__THE TASK__
From first line to last, copy the listing exactly and omit its pictures.

__DATA EXTRACT__
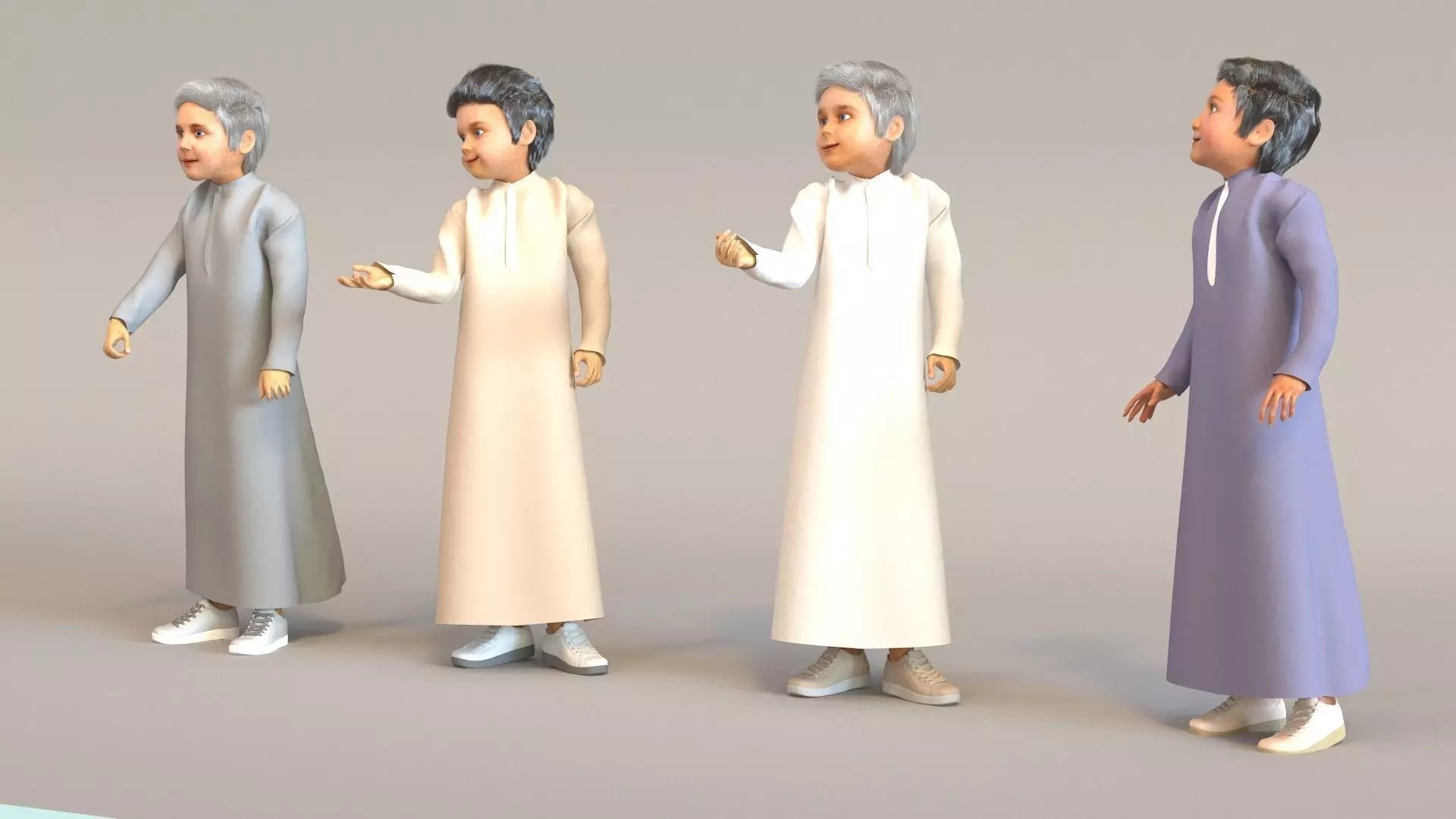 4 x Arabian animated boys, real cloth simulation.
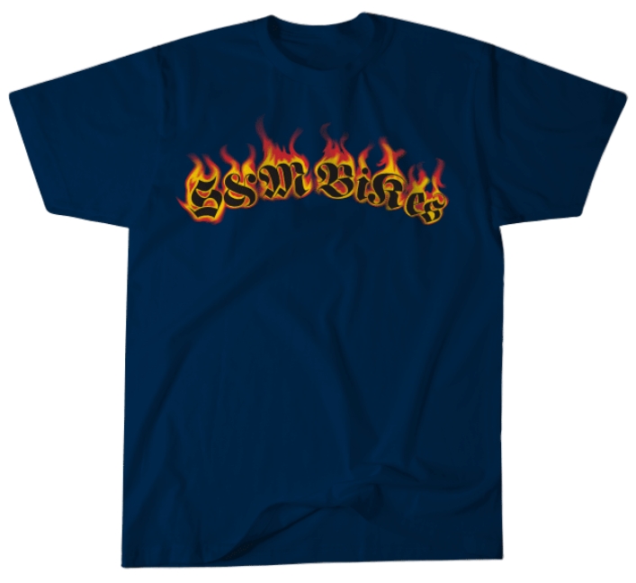 Can’t stop the re-pop! Aryei Levenson is a new school S&M rider with some mid school style. From his frame design to his riding style, he’s always drawing from the past to help shape the future. His choice in mid-school S&M Tee’s is a heavy weight seamless sided old-school style blank with a 90’s re-pop design. In this case it’s the Old Flames design from (insert date here).
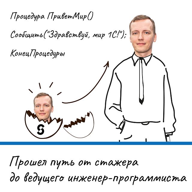 Моим наставником в отделе стал Дима Гостищев (ведущий программист отдела развития и инноваций). Несмотря на то, что для него это был первый опыт обучения, он подошел к своей задаче очень серьезно и даже скрупулезно. За время моей стажировки и далее мы с нуля прошли все материалы, которые есть в мире 1С, и оба научились тому, как обучать людей.
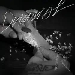"Diamonds" has a length of three minutes and forty-five seconds.[16] The lyrics are composed in two main stanzas with the repetition of the chorus sung six times in the song using variations of the main verse depicting "diamonds in the sky".[21] Allmusic critic Andy Kellman characterized it as a mid-tempo pop ballad,[22] while Michael Baggs of Gigwise described it as a mid-tempo electronic song.[23] Time Out's James Manning described the song as a "somber" R&B ballad.[24] It features heavy synthesizers,[25] orchestral sounds and electronic rhythms accompanying Rihanna's vocal performance.[26] Rolling Stone magazine wrote that "the track's production mainly stays out of Rihanna's way, letting the pop star build hooks with layers of her voice."[26] In a review of Unapologetic, Stacy-Ann Ellis of Vibe noted that an improvement in the singer's singing is evidenced by ballads such as "Diamonds" and "Stay". According to EMI Music Publishing's digital sheet music for the song, "Diamonds" is composed in the key of B minor and set in common time signature, and has a moderately slow groove of 92 beats per minute.[27] Rihanna's vocals span from the low note of F3 to the high note of F5.[27]

__SOLVED EXERCISE__
 4 x Arabian animated boys, real cloth simulation.
 Can’t stop the re-pop! Aryei Levenson is a new school S&M rider with some mid school style. From his frame design to his riding style, he’s always drawing from the past to help shape the future. His choice in mid-school S&M Tee’s is a heavy weight seamless sided old-school style blank with a 90’s re-pop design. In this case it’s the Old Flames design from (insert date here).
 Моим наставником в отделе стал Дима Гостищев (ведущий программист отдела развития и инноваций). Несмотря на то, что для него это был первый опыт обучения, он подошел к своей задаче очень серьезно и даже скрупулезно. За время моей стажировки и далее мы с нуля прошли все материалы, которые есть в мире 1С, и оба научились тому, как обучать людей.
"Diamonds" has a length of three minutes and forty-five seconds.[16] The lyrics are composed in two main stanzas with the repetition of the chorus sung six times in the song using variations of the main verse depicting "diamonds in the sky".[21] Allmusic critic Andy Kellman characterized it as a mid-tempo pop ballad,[22] while Michael Baggs of Gigwise described it as a mid-tempo electronic song.[23] Time Out's James Manning described the song as a "somber" R&B ballad.[24] It features heavy synthesizers,[25] orchestral sounds and electronic rhythms accompanying Rihanna's vocal performance.[26] Rolling Stone magazine wrote that "the track's production mainly stays out of Rihanna's way, letting the pop star build hooks with layers of her voice."[26] In a review of Unapologetic, Stacy-Ann Ellis of Vibe noted that an improvement in the singer's singing is evidenced by ballads such as "Diamonds" and "Stay". According to EMI Music Publishing's digital sheet music for the song, "Diamonds" is composed in the key of B minor and set in common time signature, and has a moderately slow groove of 92 beats per minute.[27] Rihanna's vocals span from the low note of F3 to the high note of F5.[27]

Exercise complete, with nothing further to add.